Зубарев. Ах, Михайло Тарасыч, все-то тебе весело, и когда-то ты над чем-нибудь задумаешься?
Боев. Сейчас задумывался, душа моя! Денег нет, а нужны дозарезу; хорошо, что твои как раз попались, я и взял.
Зубарев. Какие у меня деньги, откуда! Где ты их нашел?
Боев. Не веришь? (Вынимает бумажник.) Вот смотри: три радужные! Это мое «хрестьянство православное» платит тебе за аренду Кривого луга. Понял? Ты с них очень дорого берешь: ну, вот за это я оставляю деньги у себя, на некоторое неопределенное время; они мне нужны очень. (Прячет бумажник.)
Зубарев. Нет, этого нельзя, Михайло Тарасыч, этого нельзя. Отдай, пожалуйста! Мне самому нужно.
Боев. Поди ты! Господа! Вот в какой форме возможно только в наше время заключение займа! Это называется «самопомощь»!
Вершинский (Зубареву). Кирилл Максимыч, на два слова.
Зубарев. К вашим услугам. (Уходят.)
Явление третье
Ашметьев, Марья Петровна, Варя, Боев, Мальков.
Варя (Малькову). Что ж вы не спорите с Вертинским? А еще мужчина!
Мальков. Что мне за охота беспокоиться! Себе дороже.
Боев. Да, пожалуй, и не сговоришь.
Мальков. Да и то не сговоришь: они разговаривать-то учились, особенно о высоких предметах.
Варя. А вы чему учились?
Мальков. А мы учились маленькое дело делать.
Варя. Что же лучше: разговаривать о высоких предметах или маленькое дело делать?
Мальков. Разговаривать лучше.
Варя. Почему?
Мальков. Благороднее.
Боев. Да и чище; от купоросного масла — ногти желтеют. (Малькову.) А как ты думаешь, не покупаться ли нам с тобой?
Мальков. Пойдем пополощемся малым делом.
Боев. Зима хоть два года продолжайся, я и «ох» не молвлю, а уж летом нет несчастней девушки меня. (Боев и Мальков уходят.)
Марья Петровна. Варя, пойдем гулять! (Берет мужа за руку.)
Варя. Мне надо подождать отца. Идите, я после. (Ашметьев и Марья Петровна уходят. Варя подбегает к двери и прислушивается.) Идут, идут! Ну, была не была!
Входят Вершинский и Зубарев.
Явление четвертое
Варя, Вершинский и Зубарев.
Зубарев. Так соскучилась, так соскучилась, Виктор Васильич, не поверите! Три дня не изволили быть; мы думаем, уж не гневаетесь ли за что на нас.
Вершинский. Что вы, помилуйте! За что мне гневаться, какое право я имею?

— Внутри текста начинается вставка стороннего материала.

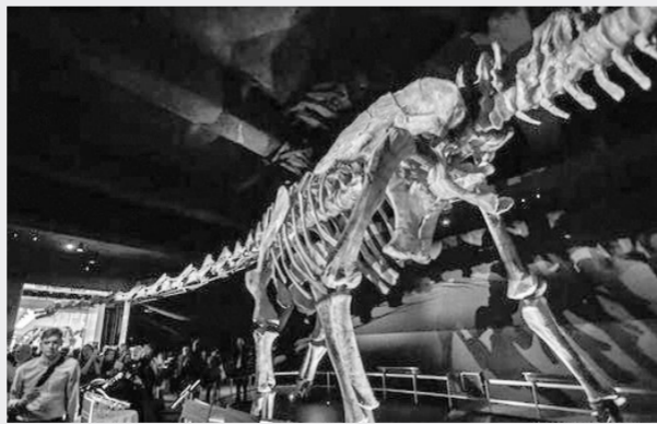
“泰坦巨龙”恐龙骨架

公园由景观设计师凯瑟琳·古斯塔夫森和尼尔·波特位于伦敦的工作室设计,园内植物将以当地常见植被为主。落成后的景观公园将呈现八件在“米兰艺术线”竞赛中胜出的艺术作品。该项竞赛由米兰市政府举办。

Зубарев (указывая на Варю). Вот-с, очень желала вас видеть.
Вершинский. Значит — к лучшему, что я не был: явилось желание видеть меня. Это всегда так бывает.
Зубарев. Вы ее хорошенько, Виктор Васильич, коли она в чем провинилась. А она должна понимать и чувствовать, благодарить должна за внимание. (Варе.) А ты ребячество-то в сторону! Конечно, тебе, по необразованию твоему, прощают, а уж пора и поумней быть! (Вертинскому.) А я на луг сбегаю: косят под самым домом. (Уходит.)
Явление пятое
Вертинский и Варя.
Вертинский. Вы обо мне соскучились?
Варя. Не очень.
Вертинский. Однако хотели меня видеть?
Варя. Да, хотела.
Вертинский. Значит, вы имеете что-нибудь сказать мне?
Варя. Да.
Вертинский. Я жду, давно жду и, признаюсь, мне это ожидание порядочно надоело; выходит что-то глупое в моем положении.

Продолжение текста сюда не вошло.